Data extract Block Start

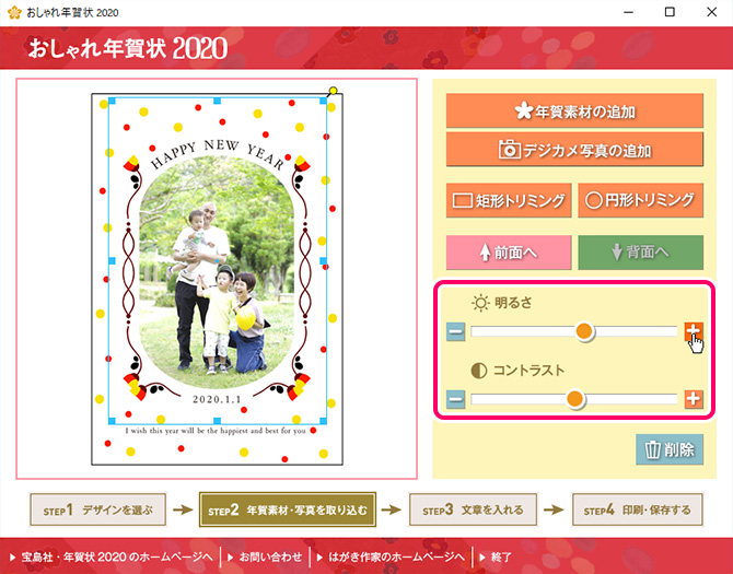 プレビューに表示されているデジカメ写真・年賀素材をマウスで選択(選択されたデジカメ写真・年賀素材は青線で囲まれます)し、画面右側にある「明るさ」「コントラスト」の「+」「-」ボタンをクリックするか、スライダーをドラッグすることで、明るさやコントラストの調整ができます。
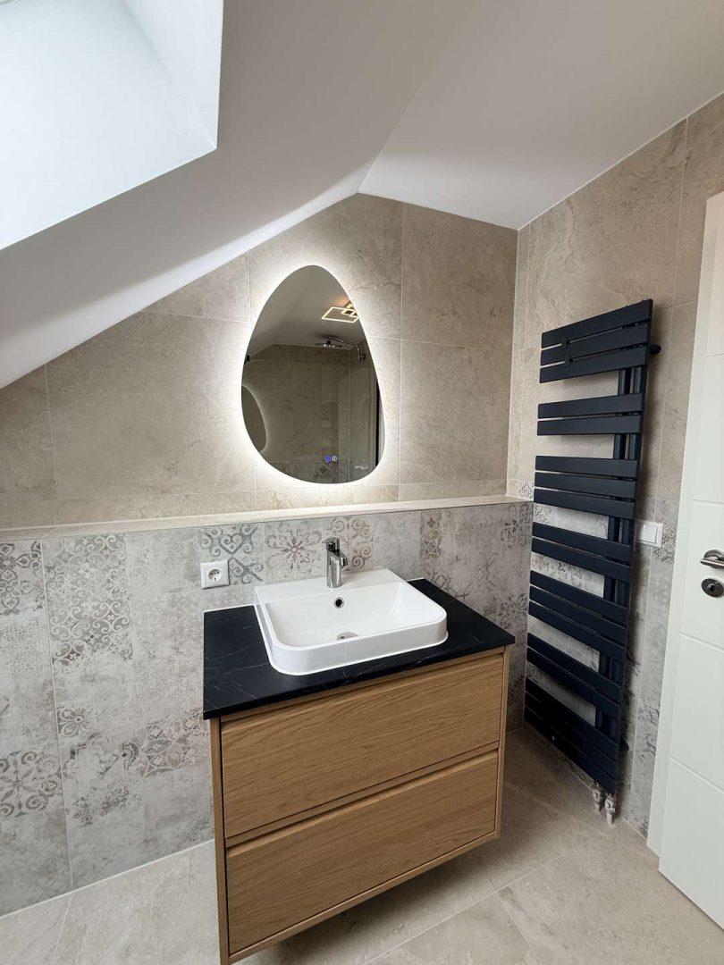Das stilvolle Badezimmer überzeugt mit großformatigen Fliesen, bodengleicher großer Dusche mit Glasabtrennung, Waschtisch mit Unterschrank und beleuchtetem Spiegel sowie Handtuchheizkörper.
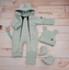 Oteplený dětský overal bez šlapek s kapucí, čepička + botičky, 3D, Kazum, mátový, vel. 74; 74 (6-9m)
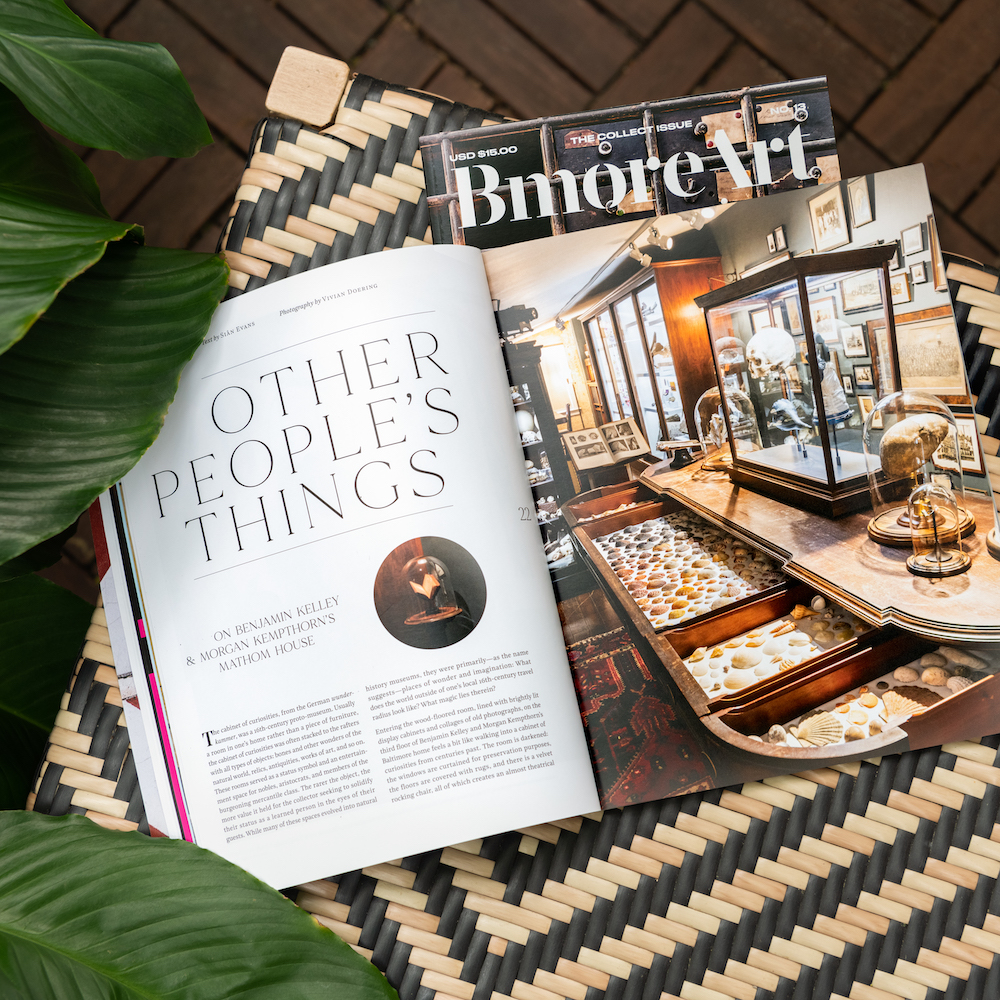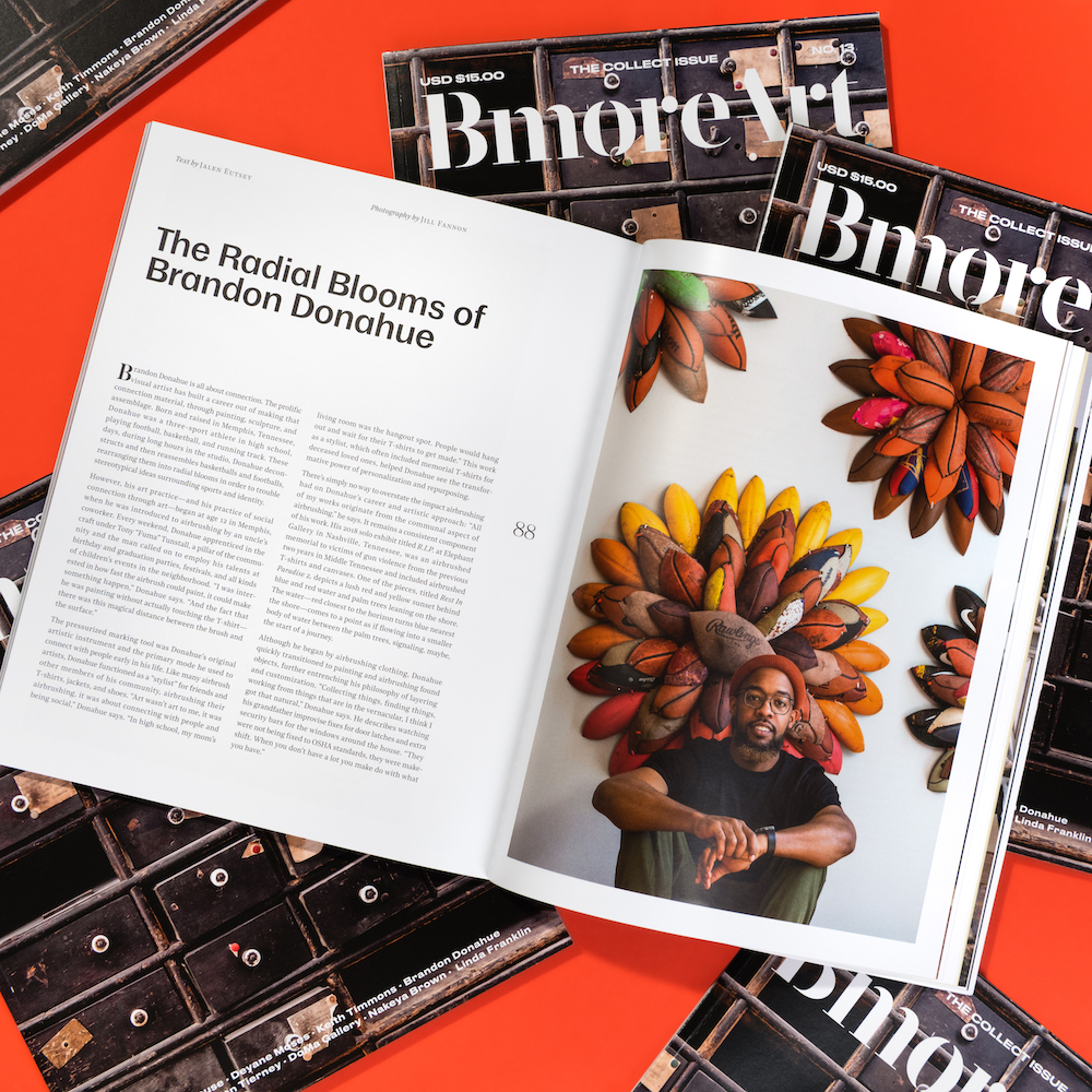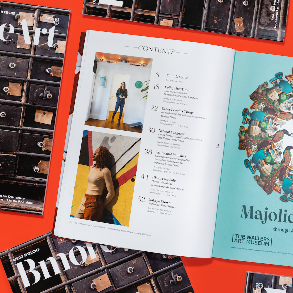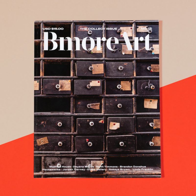 Issue 13 considers the act of collecting as a source of inspiration for artists, a community supporting economic practice, and a method for meaningful engagement in the world. Featured artists include Brandon Donahue, Linda Franklin, Deyane Moses, Jordan Tierney, the Baltimore Jewelry Center, and the DoMa Gallery.

Data extract Block End

__Exercise details__: The required output is an exact copy of the lines from the start of the material above through the line containing "Das stilvolle Badezimmer", inclusive, with no pictures in it.

__Worked solution__:
 プレビューに表示されているデジカメ写真・年賀素材をマウスで選択(選択されたデジカメ写真・年賀素材は青線で囲まれます)し、画面右側にある「明るさ」「コントラスト」の「+」「-」ボタンをクリックするか、スライダーをドラッグすることで、明るさやコントラストの調整ができます。
Das stilvolle Badezimmer überzeugt mit großformatigen Fliesen, bodengleicher großer Dusche mit Glasabtrennung, Waschtisch mit Unterschrank und beleuchtetem Spiegel sowie Handtuchheizkörper.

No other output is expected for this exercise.